Wednesday, Film4, 4pm
Journey to the Centre of the Earth—a title that evokes lava tubes, prehistoric monstrosities, and the peculiar tendency of Victorian scientists to go spelunking without so much as a hard hat. Jules Verne’s subterranean saga has seen multiple cinematic incarnations, but the 1959 film directed by Henry Levin remains a gold-standard gem of mid-century pulp adventure. Starring James Mason as Professor Oliver Lindenbrook, the film blends charmingly outdated geology with a gleeful disregard for plausibility, all wrapped up in that vibrant Technicolor glow. The Icelandic settings and matte-painted vistas evoke a kind of exotic wonder that sits somewhere between The Lost World and a particularly ambitious episode of Doctor Who.
But let’s not skip past the score—Bernard Herrmann’s orchestral work here is a subterranean symphony in its own right. Known for his collaborations with Hitchcock, Herrmann delivers something quite different in Journey: a booming, brass-heavy soundscape that lends gravitas to scenes involving giant mushrooms and angry dimetrodons. His use of the serpent, a Renaissance wind instrument rarely seen outside the nightmares of first-year music students, is particularly inspired, reinforcing the film’s otherworldly descent. It’s not subtle, but then again, neither is being chased through a cave system by an oversized lizard.

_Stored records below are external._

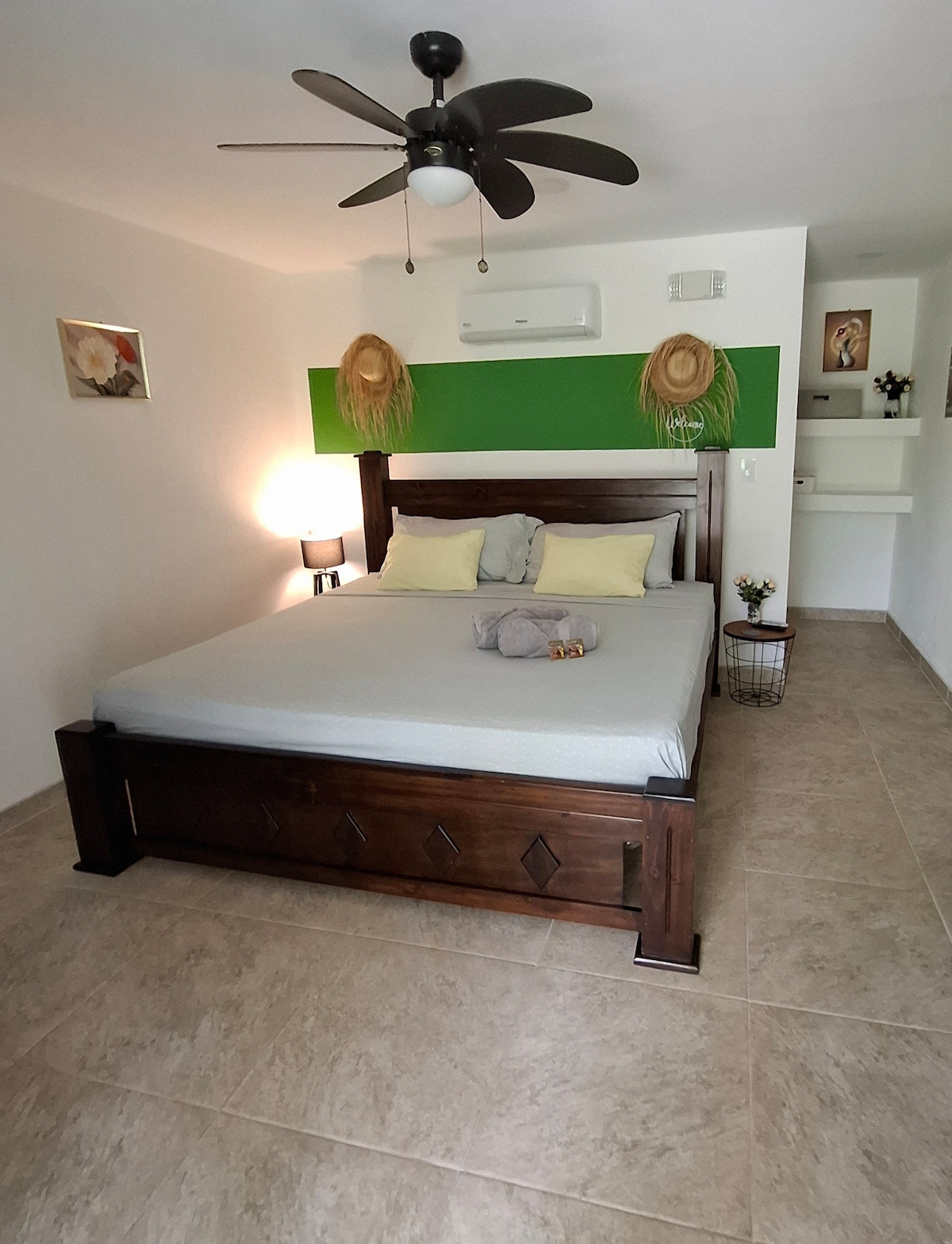 Fra denne beliggenheten på toppen av bakken over Tamarindo Bay, vil du nyte en panoramautsikt som er utrolig. Du vil se hva vi mener når du kommer hit! Casita tilbyr en kingsize-seng og en nedtrekkbar queen-seng, fullt utstyrt med et privat bad, kjøkken og en liten balkong med havutsikt og perfekt for å se aper i de omkringliggende trærne! Du har også tilgang til eiendommens sosiale område, inkludert en luftig, overbygd terrasse ved bassenget med havutsikt og takterrassen!
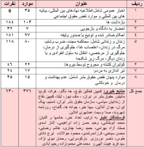 جدول آماری سلب حقوق اقوام و ملل ایرانی در زمستان 1398
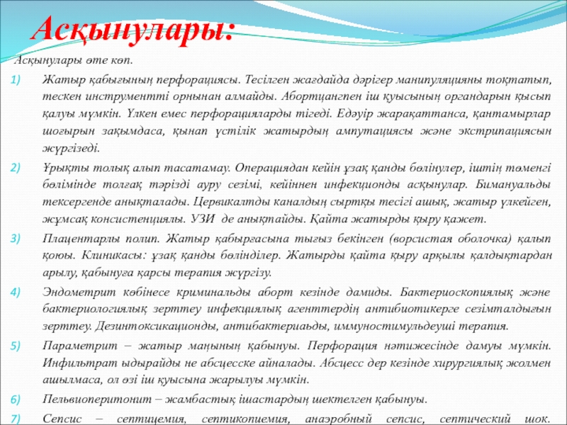 Плацентарлы полип. Жатыр қабырғасына тығыз бекінген (ворсистая оболочка) қалып қоюы. Клиникасы: ұзақ қанды бөлінділер. Жатырды қайта қыру арқылы қалдықтардан арылу, қабынуға қарсы терапия жүргізу.
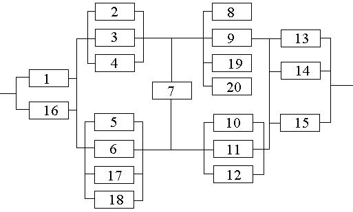 б) нагруженное резервирование основных элементов 1, 2, 3, 4, 5 и 6 идентичными по надежности резервными элементами 16, 17, 18,19 и 20 .
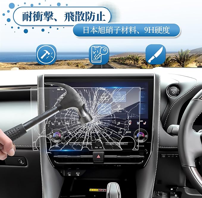 【高光透過率・9H強化ガラス】硬度9H強化ガラスフィルムを採用して作られたアルファード40系カーナビフィルムは、高硬度で割れ防止、キズ防止の特性を持っています。車種専用設計で、アルファード40系のナビにジャストフィットします。 厚さ0.25mm、99%の光透過率、ナビの鮮明さと精度を維持することができます。 2.5Dラウンドエッジ加工を採用し、エッジがスクリーンに良くフィットし、気泡の侵入を軽減すると同時に、外部からの衝撃に強く、破損を防止し、カーナビを守ります。
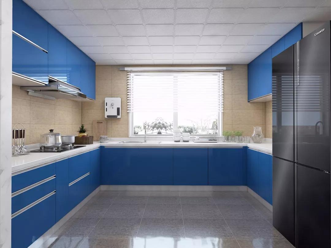 除了灰色和白色,其他色系的櫥柜也很受歡迎,比如在夏日帶來清涼感覺的藍色,舒適溫馨的淡黃色,清新自然的胡桃木色。可以用簡約的軟裝裝飾效果,呈現(xiàn)出一個個時尚廚房。
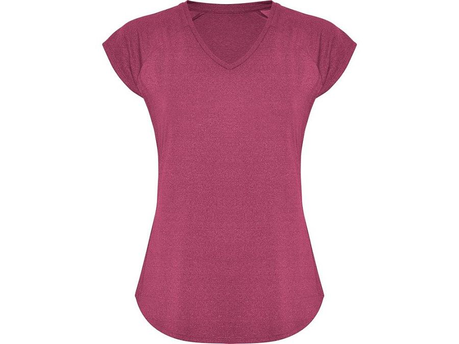 Спортивная женская футболка с коротким рукавом реглан. Вырез горловины V. Полотно из полиэстера на ощупь напоминающее хлопок. Приталенный силуэт.
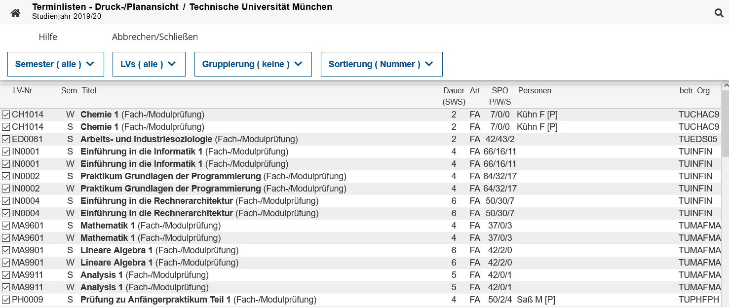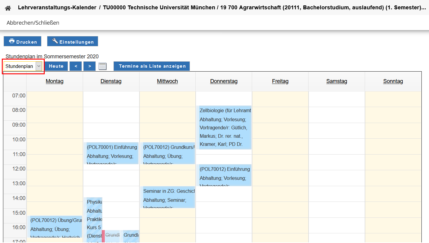 Alle Lehrveranstaltungen und Prüfungen, für die Sie sich angemeldet haben oder angemeldet wurden, sehen Sie in Ihrem Terminkalender in TUMonline.
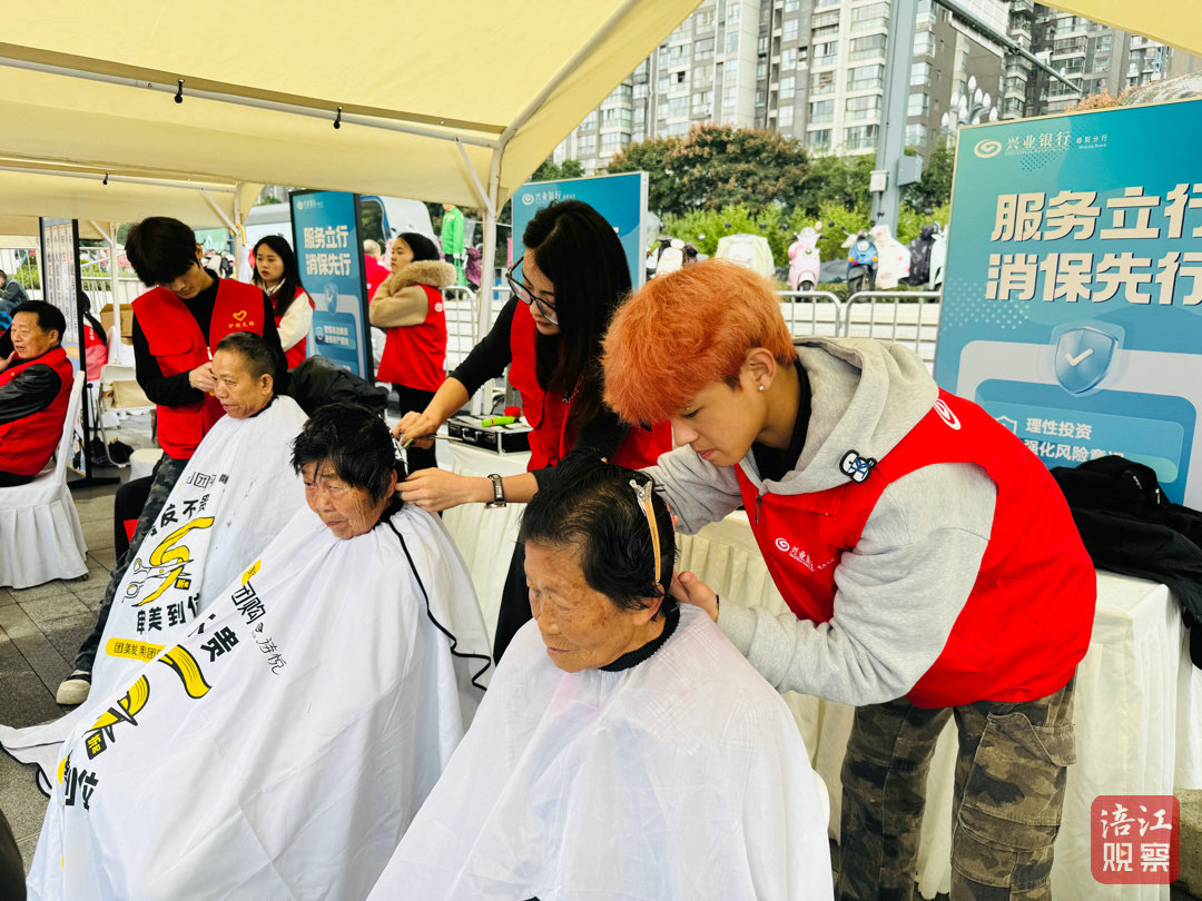 一旁的志愿服務(wù)點(diǎn)同樣忙碌,免費(fèi)理發(fā)等便民服務(wù),讓老人們臉上洋溢著幸福的笑容。
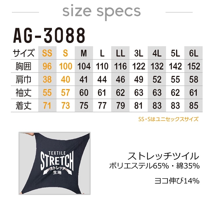 | AG-3180 ストレッチジャケット | AG-3088 ストレッチ長袖シャツ |
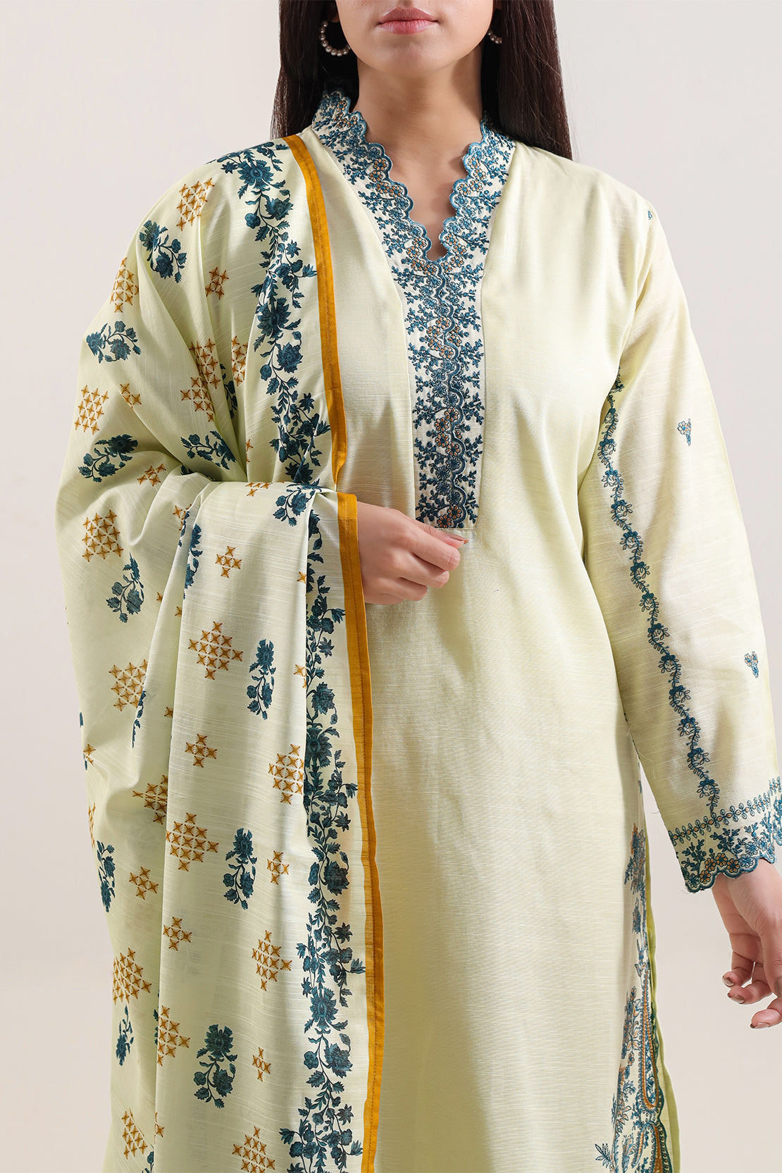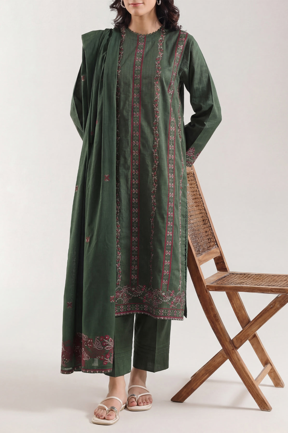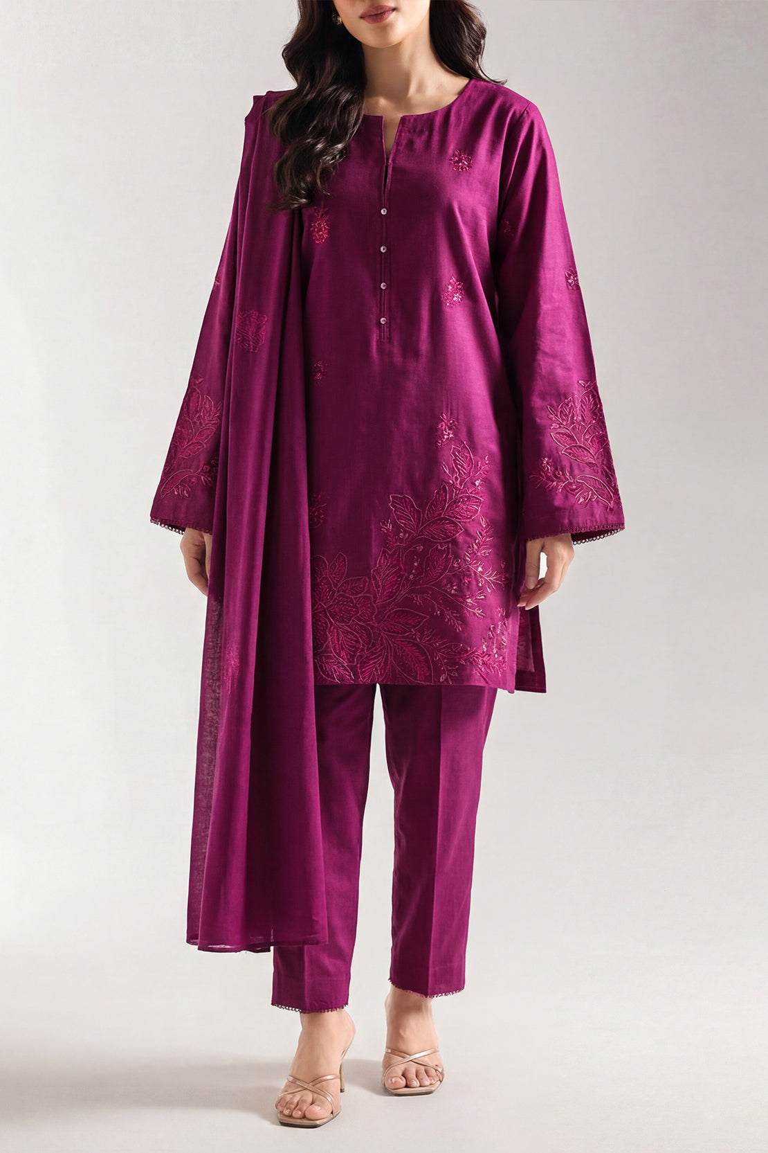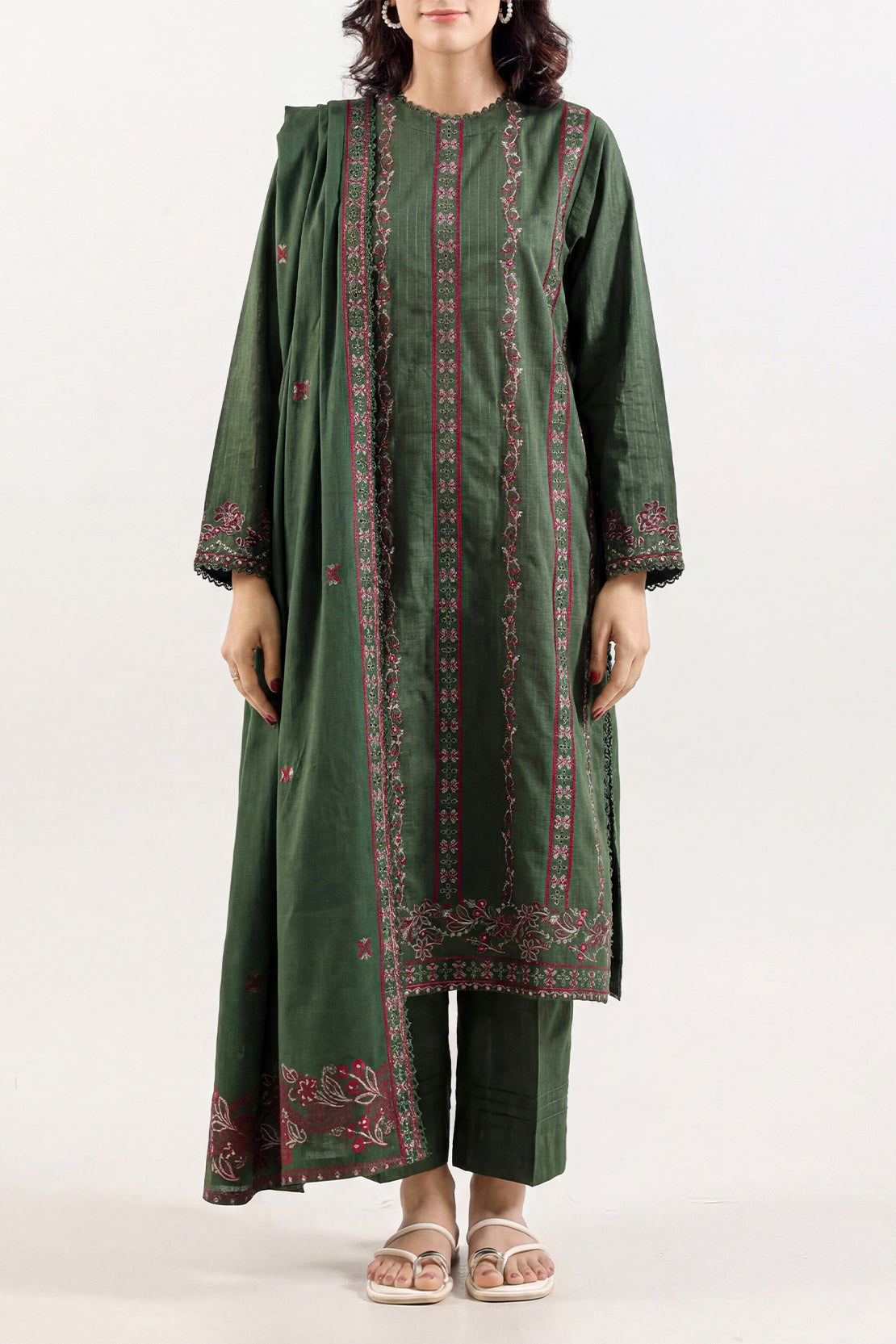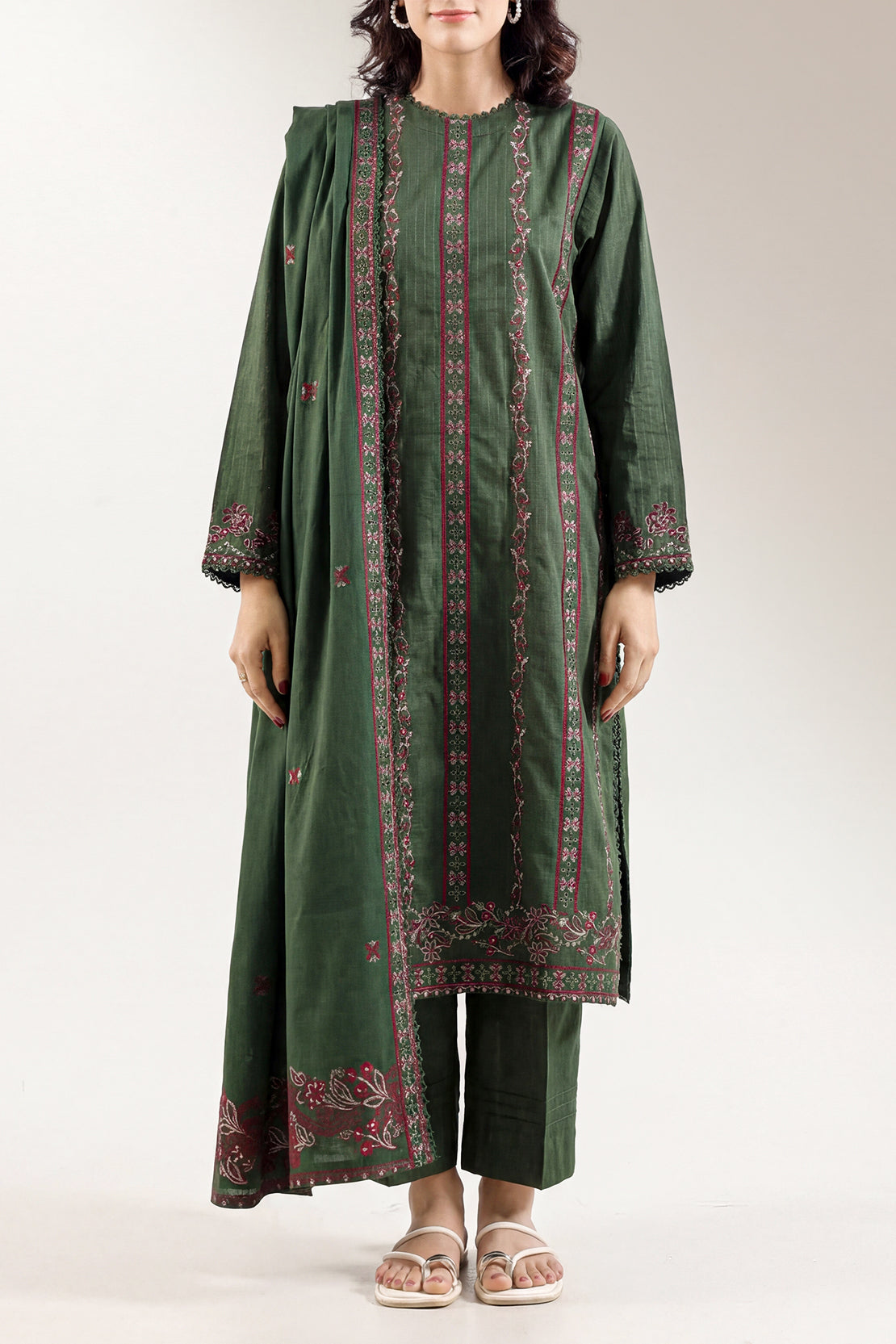 Solid Embroidered Cotton Stitched 3 Piece

The film may play fast and loose with science (lava is apparently safe to boat on, provided your faith is strong), but its influence tunnels deep into the bedrock of genre media. It echoes in everything from The Hollow Earth theory beloved by pulp writers and conspiracy theorists, to the Xen levels of Half-Life and the magma-hopping jaunts in Final Fantasy. And let’s not forget that without Verne’s literary blueprint, we might never have had At the Earth’s Core with Peter Cushing and a deeply confused Doug McClure. Now that’s a loss civilisation couldn’t bear.